I know a lot of people go to see his movies because they’re drawn to the violence. I’m a huge fan of violence, both in life and in film, and I hate this fucking movie, mostly because I will never get that time back. The violence doesn’t work. For a fight scene to work, you have to care. There needs to be a drive, a reason for fighting. Much has been made of the first volume showing you the war being fought, the action, and the second volume being the backstory, the character development. I have two things to say about that: if Quentin’s trying to come up with an unconventional way to tell a story, he did it better in Pulp Fiction, and I don’t think he’ll ever fucking top that. I think he knows that, too. Two? Well, the reason I don’t give a shit about what happens in the first movie is because I have no impetus or drive for what it is they are doing. You needed a whole fucking movie to explain that? Jesus, dude, Sergio Leone used to do it with zero dialogue and a squinty-eyed close-up. Yes, I’m jaded about movies - you have to be to appreciate this movie on any level. You have to have a built-in reason to care about a fight scene or it just sucks. Wesley Snipes even knows this. Check out his commentary track on Blade. Without that kind of thing, these movies are boring. Volume one was mind-shatteringly boring. Volume Two was less boring.

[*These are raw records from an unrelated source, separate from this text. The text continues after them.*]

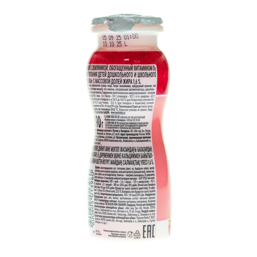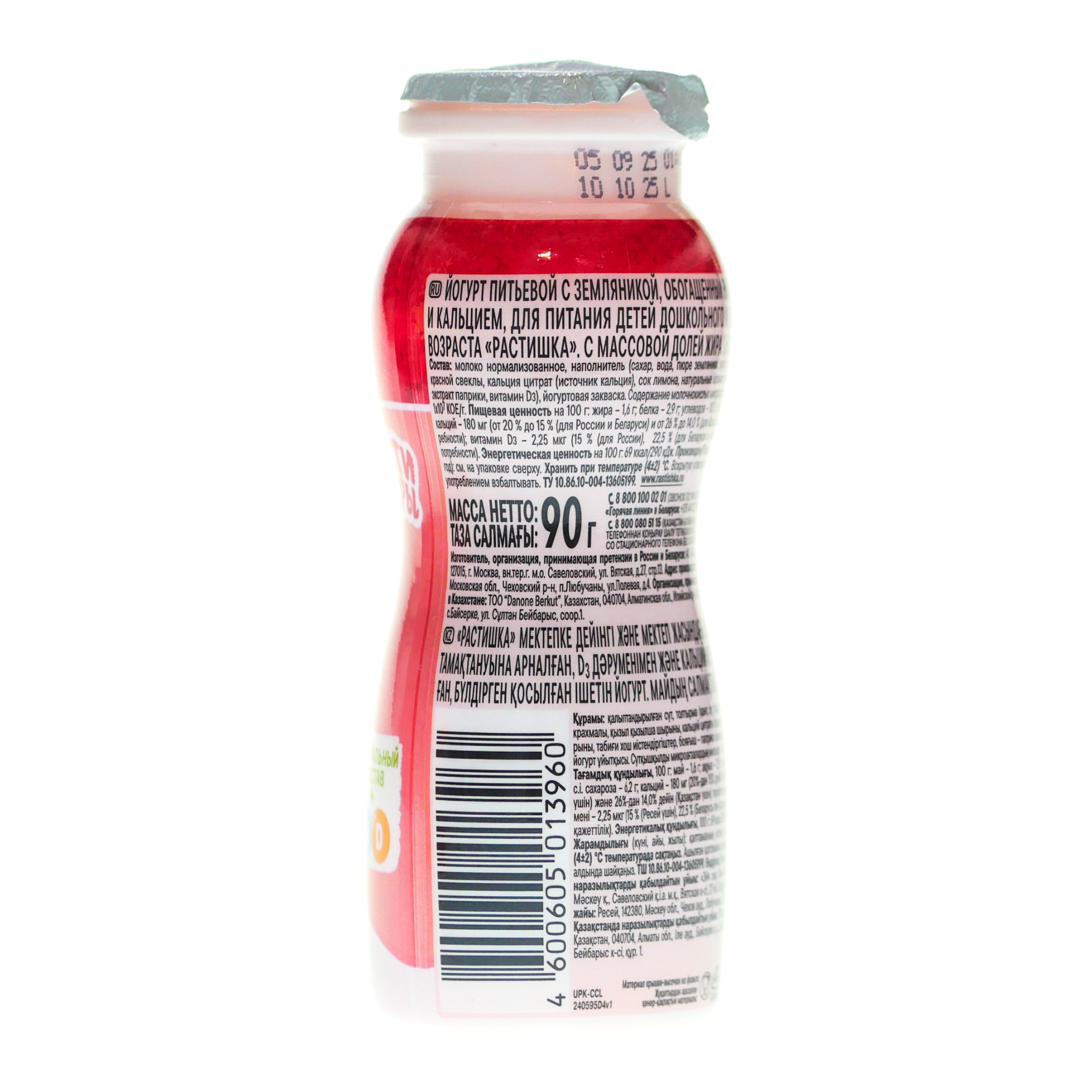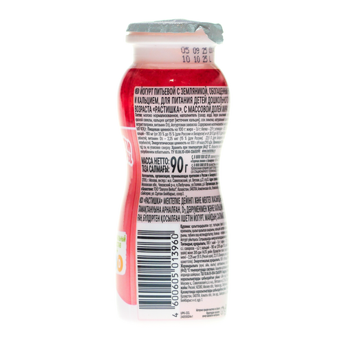 Питьевой йогурт «Растишка» со вкусом земляники 1,6% объёмом 90 г разработан специально для детей старше 3 лет совместно с Институтом питания РАМН.
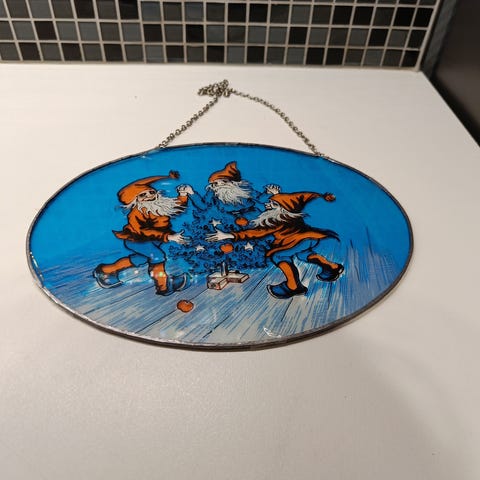 Koselig vindusbilde med julenissen. Mosaikk.
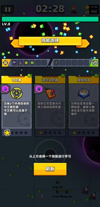 建议优先选择苦无作为主武器,搭配无人机和雷电发射器,这样能自动追踪敌人,减少操作压力。开局后尽量集中在一个区域移动,避免满屏乱跑,这样经验和道具会集中刷新,方便快速升级。记得留好炸弹和回复道具,等到BOSS阶段再使用,关键时刻能救命。

Yeah, I'm a fanboy. And I know about fanboys, too. You know what I know about them? There are varieties in the panoply of fanboy fauna. There is the righteous fanboy, who cries when characters die, who argues passionately about events in his chosen fan realm, and who forces the media on his friends, hoping that they'll like it. Then, there are the Dark Fanboys, who if you've got one that's good, they got one better. (I got issue one! Oh yeah, we’ll I got the special Zero Edition with the chrome cover where they die on every page.) They only care about being the hardest of the hardcore, and the love for the thing becomes nothing more than just lust, getting just to get, seeing just to see, absorbing the thing only just to do it, not because they love it anymore. I think that's Quentin. The Dark Fanboy has taken root, and he doesn’t see it. It’s like becoming an alcoholic or a drug addict. You watch for the signs, and quash certain kinds of behavior before they spin out of control. He's in it for the cool, not because he loves it - and that's the problem. His settings are so cool they lack originality, shooting only for cool at the expense of everything else. His characters are quirky, cool and strange, and about as deep as a puddle. He's a copycat of everyone, including himself, in the worst way, and he sucks. He didn't used to suck, but now he does, and it's only because we live in a bankrupt, ADA culture that he thrives.
We let him - shit, “let” - we encourage him to work from formula, too. Buck is Zed, the Pussy Wagon is the Bad Motherfucker wallet, and the personality quirks are so forced that they bore the shit out of me. Are we not noticing this, or is it bad form to bring it up, like making fun of the handicapped? Why does he keep retreading the same ground? How many slo-mo scenes of people in suits walking to cool music must we endure? How many body parts can Q remove? Is this meant to be charming? (in all fairness, I liked the Hannah eye-pluck - so personal.)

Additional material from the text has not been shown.